• **ABOUT THIS TASK**
The line containing "Центром сельского поселения" and every line after it to the end of the records: set those down exactly, without any pictures.

(Saved entries)
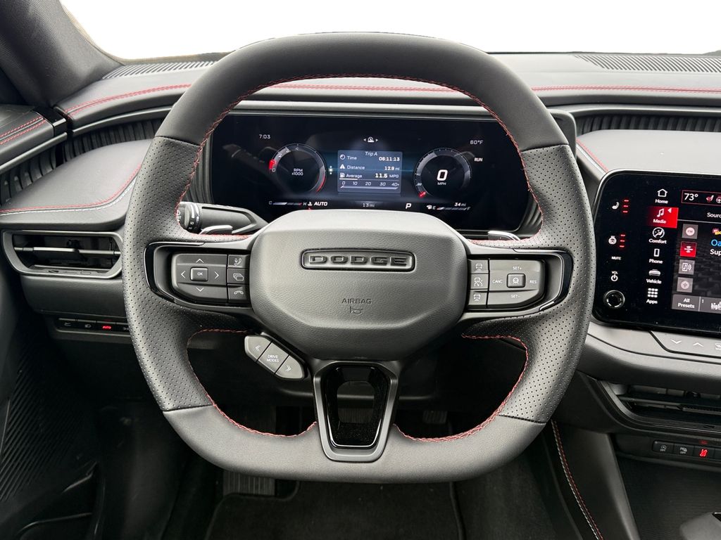 Blacktop Package (Dark Exterior Badging, Dual Rear Exhaust with Black Tips, and Wheels: 20" x 10" Dark Finish Aluminum), Quick Order Package 22P Scat Pack, Two Tone Paint Group, Wheel and Tire Package, AWD, Black Artificial Leather, 10 Speakers, 2-Way Manual Adjust Front Head Restraints, 2-Way Power Driver Lumbar Adjust, 4-Wheel Disc Brakes, 4G LTE Wi-Fi Hot Spot, 8-Way Power Driver Seat Adjust, ABS brakes, Active Noise Control System, Air Conditioning, Alloy wheels, AM/FM radio: SiriusXM w/360L, Apple CarPlay/Android Auto, Auto-dimming Rear-View mirror, Automatic temperature control, Black Seats, Brake assist, Bumpers: body-color, Compass, Connectivity - US/Canada, Delay-off headlights, Disassociated Touchscreen Display, Driver door bin, Driver vanity mirror, Dual front impact airbags, Dual front side impact airbags, Electronic Stability Control, Emergency communication system: Dodge Connect, Four wheel independent suspension, Front anti-roll bar, Front Bucket Seats, Front Center Armrest, Front dual zone A/C, Front License Plate Bracket, Front reading lights, Fully automatic headlights, Garage door transmitter, Heated door mirrors, Heated Exterior Mirrors, Heated Front Seats, Heated front seats, Heated steering wheel, Illuminated entry, Integrated Center Stack Radio, Knee airbag, Leather Shift Knob, Leatherette/Cloth Performance Seats, Low Back Bucket Seats, Low tire pressure warning, Manufacturer's Statement of Origin, MyFlexCare Service Plan, Occupant sensing airbag, Outside temperature display, Overhead airbag, Overhead console, Panic alarm, ParkView Rear Back-Up Camera, Passenger door bin, Passenger vanity mirror, Power Adjust Mirrors, Power door mirrors, Power driver seat, Power steering, Power windows, Radio data system, Radio: Uconnect 5 with 12.3" Display, Rear anti-roll bar, Rear reading lights, Rear seat center armrest, Rear window defroster, Remote keyless entry, Security system, Speed control, Split folding rear seat, Spoiler, Sport steering wheel, Steering wheel mounted audio controls, Tachometer, Telescoping steering wheel, Tilt steering wheel, Traction control, Trip computer, Variably intermittent wipers, Wheels: 20" x 10" Aluminum, Wheels: 20" x 11" Black Aluminum, Wireless Apple CarPlay, and Wireless Google Android Auto.
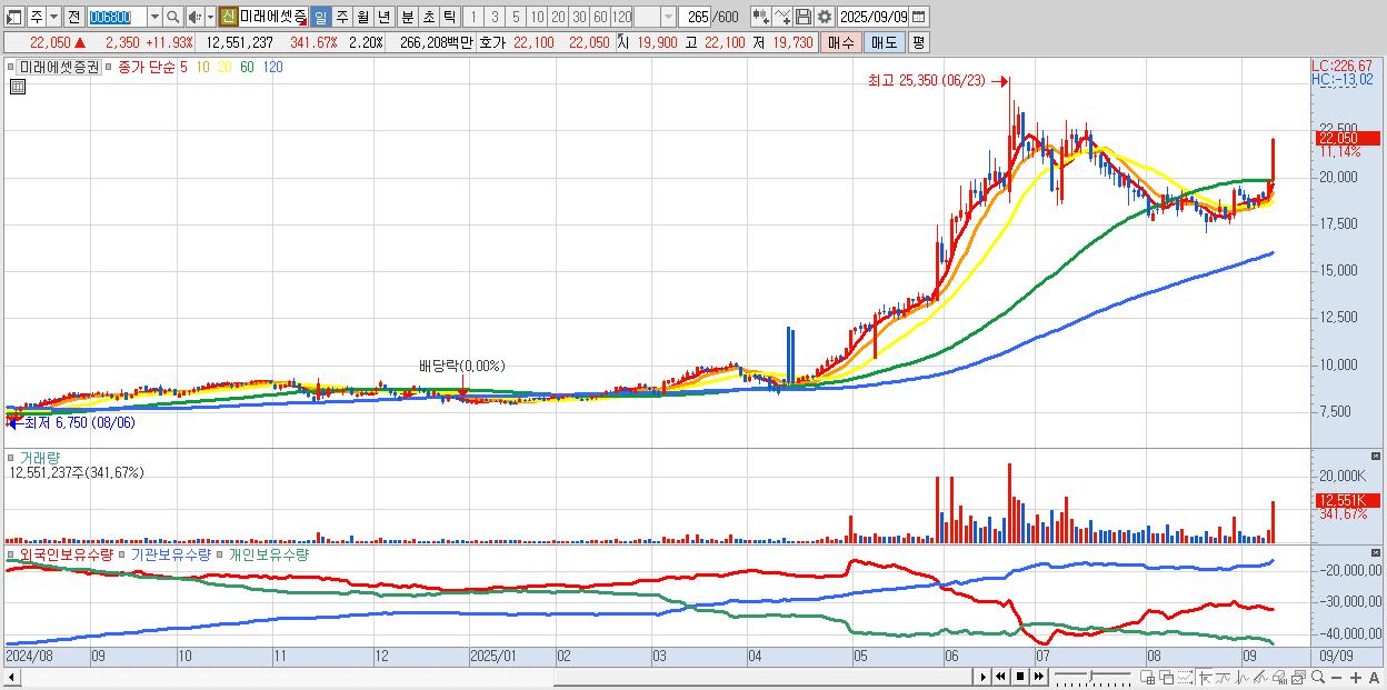 - 미래에셋증권 (22,000원 ▲ 11.68% , 시총: 125,470억, 거래량: 7,305,270, 거래대금:1,552억)
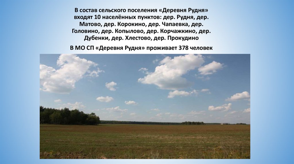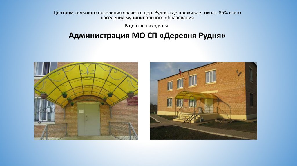 Центром сельского поселения является дер. Рудня, где проживает около 86% всегонаселения муниципального образования
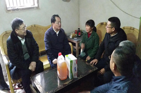 骆文智一行深入农家与贫困户座谈,深入调研精准扶贫工作,为贫困户送上粮油等慰问物资和慰问金。
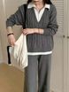 This coordinated set delivers collegiate charm with its cable-knit detailing and mock two-piece polo design. The lightweight knit fabric ensures all-day comfort, while the wide-leg pants complete the polished silhouette.

• **ANSWER SECTION**
 Центром сельского поселения является дер. Рудня, где проживает около 86% всегонаселения муниципального образования
 骆文智一行深入农家与贫困户座谈,深入调研精准扶贫工作,为贫困户送上粮油等慰问物资和慰问金。
 This coordinated set delivers collegiate charm with its cable-knit detailing and mock two-piece polo design. The lightweight knit fabric ensures all-day comfort, while the wide-leg pants complete the polished silhouette.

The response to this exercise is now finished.